* TASK TO COMPLETE: Without including any pictures, retype exactly the lines from the top of the records through the line containing "Add sparkle to", that final line included.

* EXTRACTED DATA:
○ ○ ○ ○ ○

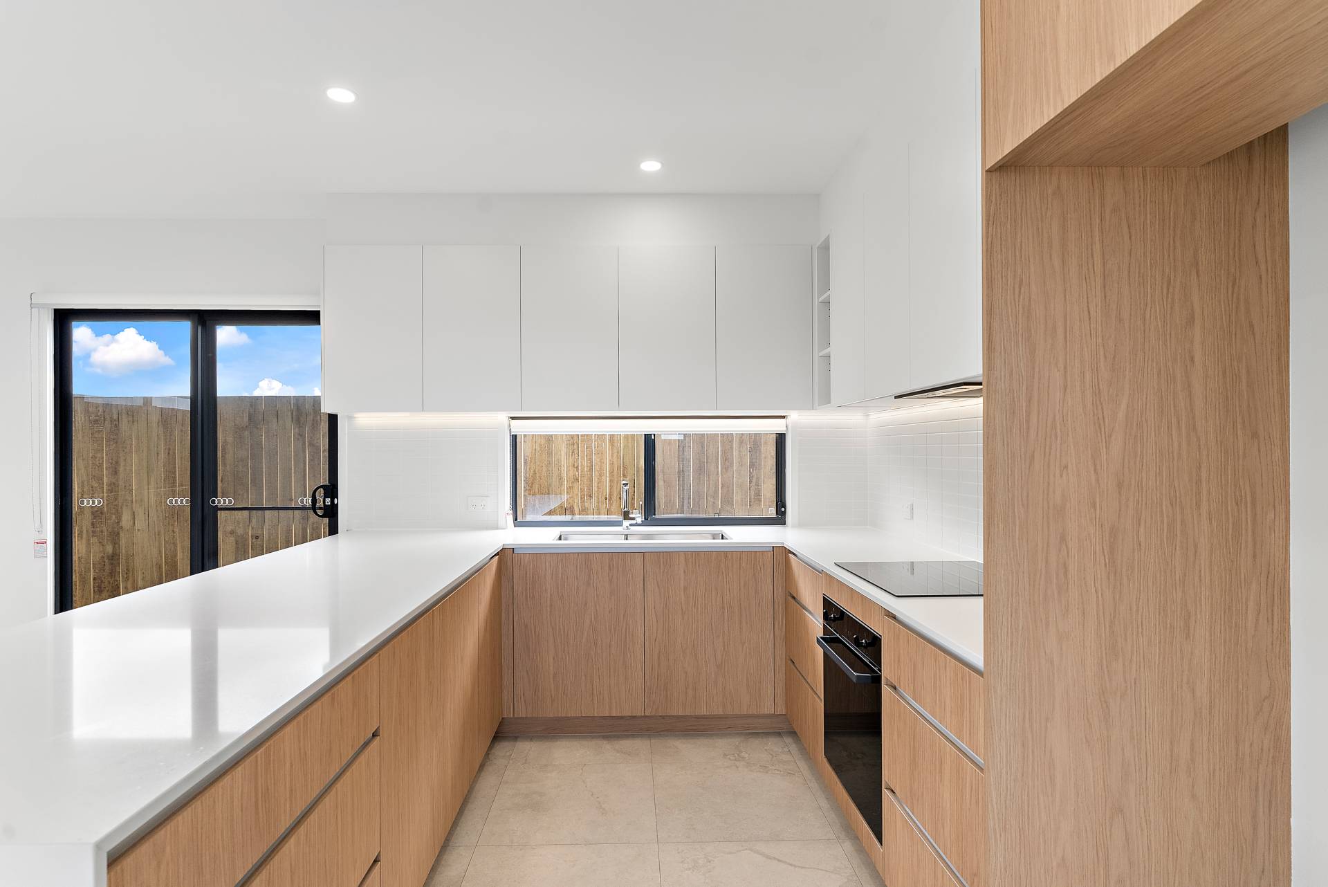 - Modern kitchen with back-lit splash-back, reconstituted stone waterfall edge benchtops, quality appliances including an integrated dishwasher and ample bench space
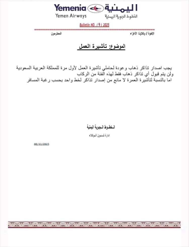 أصدرت شركة الخطوط الجوية اليمنية، السبت، تنبيهًا هامًا للمسافرين إلى المملكة العربية السعودية، وخاصةً لمن يحملون تأشيرة عمل لأول مرة، مؤكدة أنه ابتداءً من السبت ٨ نوفمبر لن يتم قبول إصدار تذكرة باتجاه واحد فقط، ويجب حجز تذكرة (ذهاب وعودة) معًا كشرط أساسي لإتمام الحجز والدخول.
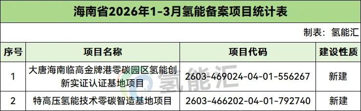海南氢能备案项目2个。
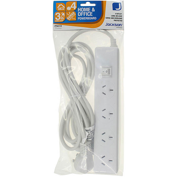 JACKSON POWERBOARD SURGE PROTECTED 4 OUTLET SWITCHED 3M WHITE
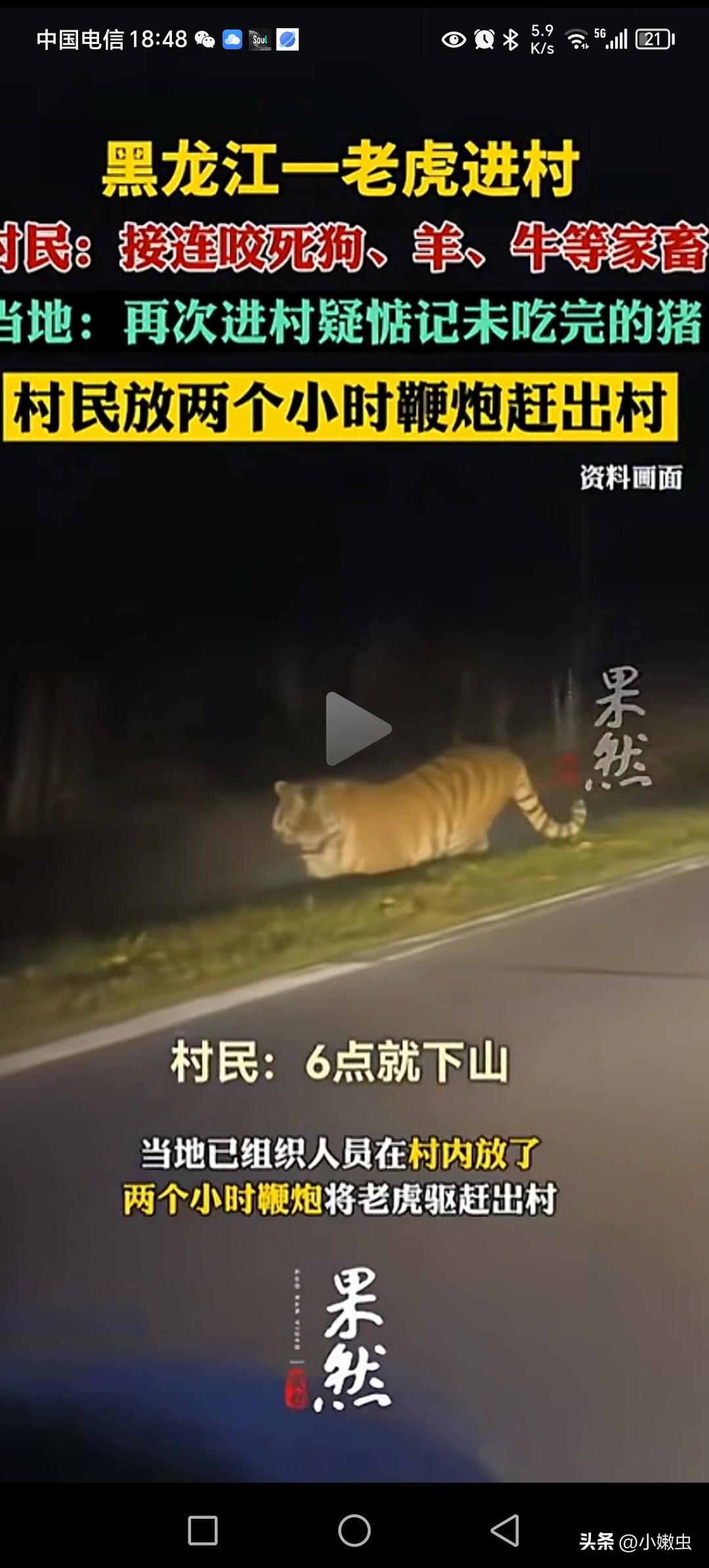 东北农村哪里来的夜生活,冬天敢去朋友家喝酒乱坠吗? 这么大只猫,冬天在村里头逛来逛去。 你敢出门吗? 老虎来了。放两个小时鞭炮才将她驱赶。 不过这虎真的好壮啊! 头又那么大,叼100斤内动物可以跑。 东北人过年,怎么防老虎。 家里有没有用特殊材质,加固防虎。
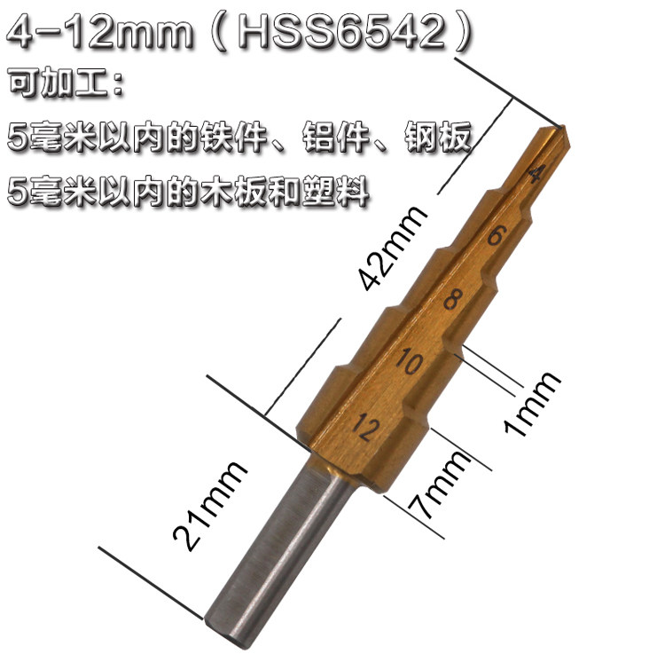 - 独特的阶梯构造,一只钻头能开多种规格尺寸孔径,一只阶梯钻抵上一盒钻头。
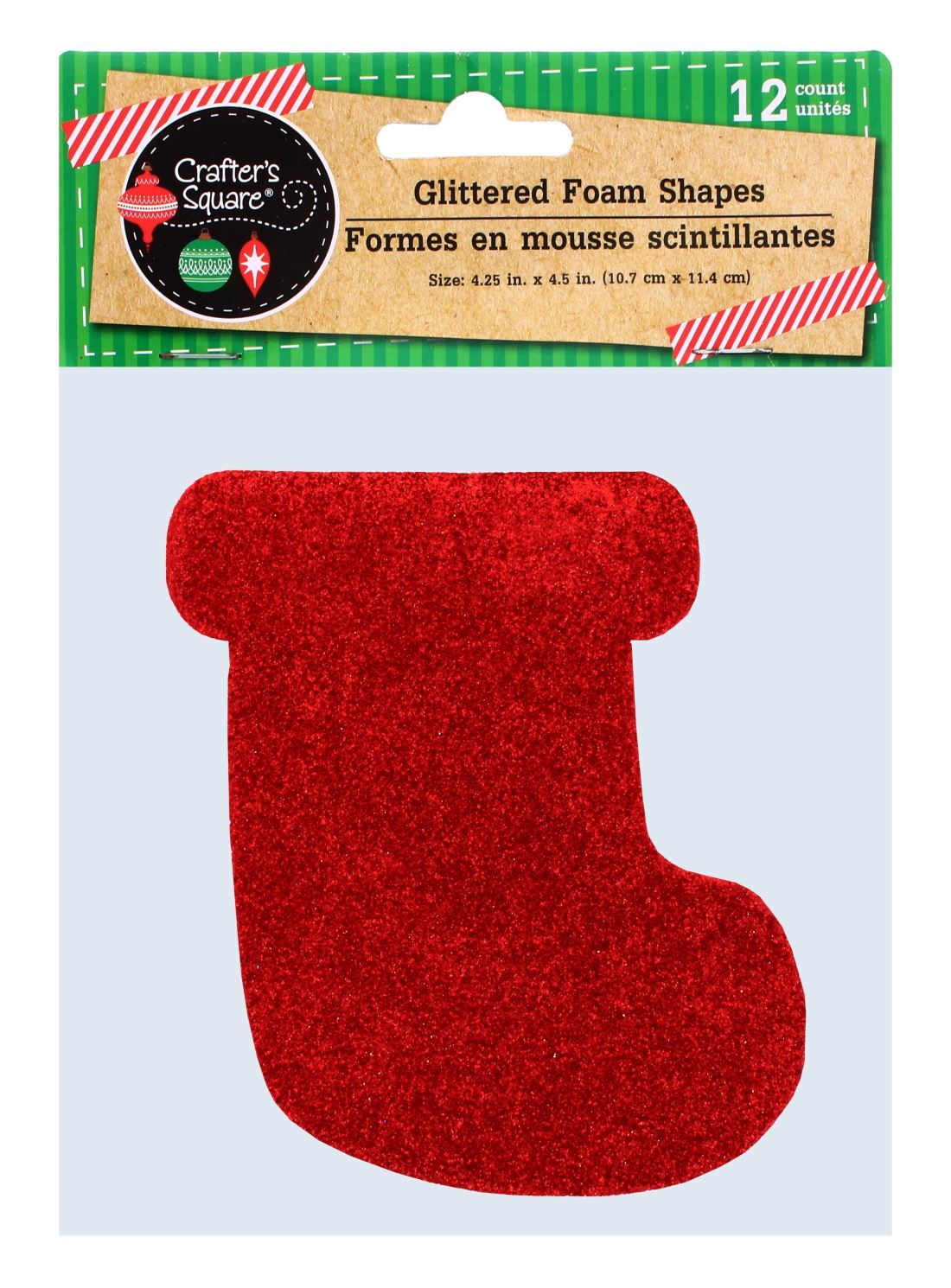 Add sparkle to your holiday crafts with assorted glittered foam Christmas shapes.
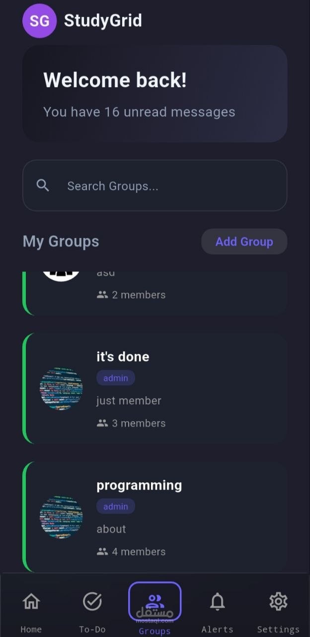 يعكس StudyGrid قدرة المطور على بناء تطبيقات الـ Full-stack التي تعتمد على تحديثات البيانات اللحظية (Real-time updates) وإدارة الملفات الضخمة سحابياً، مع تقديم واجهة مستخدم (UI) بسيطة وفعالة تخدم الأغراض التعليمية.
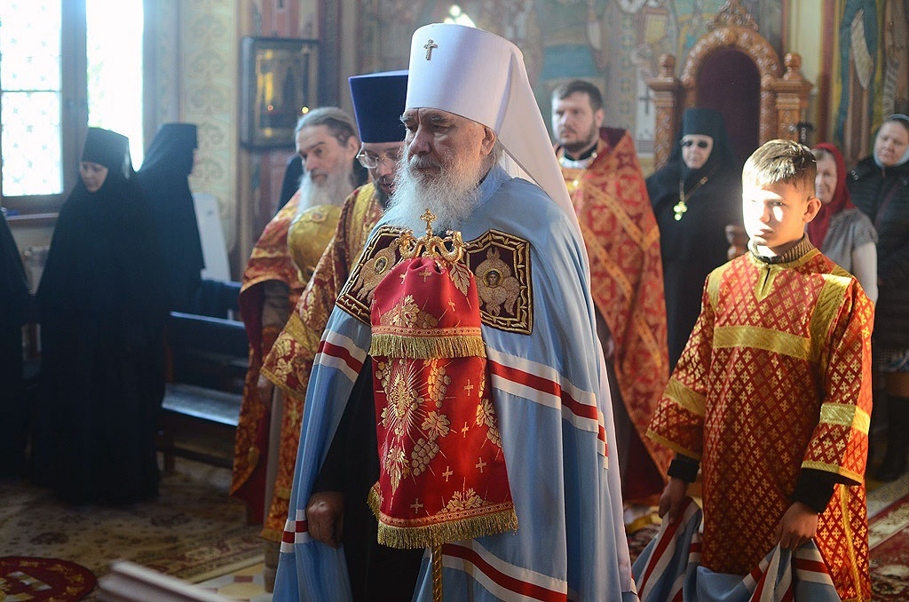 На малом входе, владыка Климент вручил игумении Феофиле за труды, понесенные в течение многолетнего служения в качестве настоятельницы монастыря и в соответствии с указом Святейшего Патриарха Московского и всея Руси Кирилла, крест с украшениями. По сугубой ектении возносилась молитва о мире на Украине.

○ ○ ○ ○ ○

* RESULT BELOW:
 - Modern kitchen with back-lit splash-back, reconstituted stone waterfall edge benchtops, quality appliances including an integrated dishwasher and ample bench space
 أصدرت شركة الخطوط الجوية اليمنية، السبت، تنبيهًا هامًا للمسافرين إلى المملكة العربية السعودية، وخاصةً لمن يحملون تأشيرة عمل لأول مرة، مؤكدة أنه ابتداءً من السبت ٨ نوفمبر لن يتم قبول إصدار تذكرة باتجاه واحد فقط، ويجب حجز تذكرة (ذهاب وعودة) معًا كشرط أساسي لإتمام الحجز والدخول.
海南氢能备案项目2个。
 JACKSON POWERBOARD SURGE PROTECTED 4 OUTLET SWITCHED 3M WHITE
 东北农村哪里来的夜生活,冬天敢去朋友家喝酒乱坠吗? 这么大只猫,冬天在村里头逛来逛去。 你敢出门吗? 老虎来了。放两个小时鞭炮才将她驱赶。 不过这虎真的好壮啊! 头又那么大,叼100斤内动物可以跑。 东北人过年,怎么防老虎。 家里有没有用特殊材质,加固防虎。
 - 独特的阶梯构造,一只钻头能开多种规格尺寸孔径,一只阶梯钻抵上一盒钻头。
 Add sparkle to your holiday crafts with assorted glittered foam Christmas shapes.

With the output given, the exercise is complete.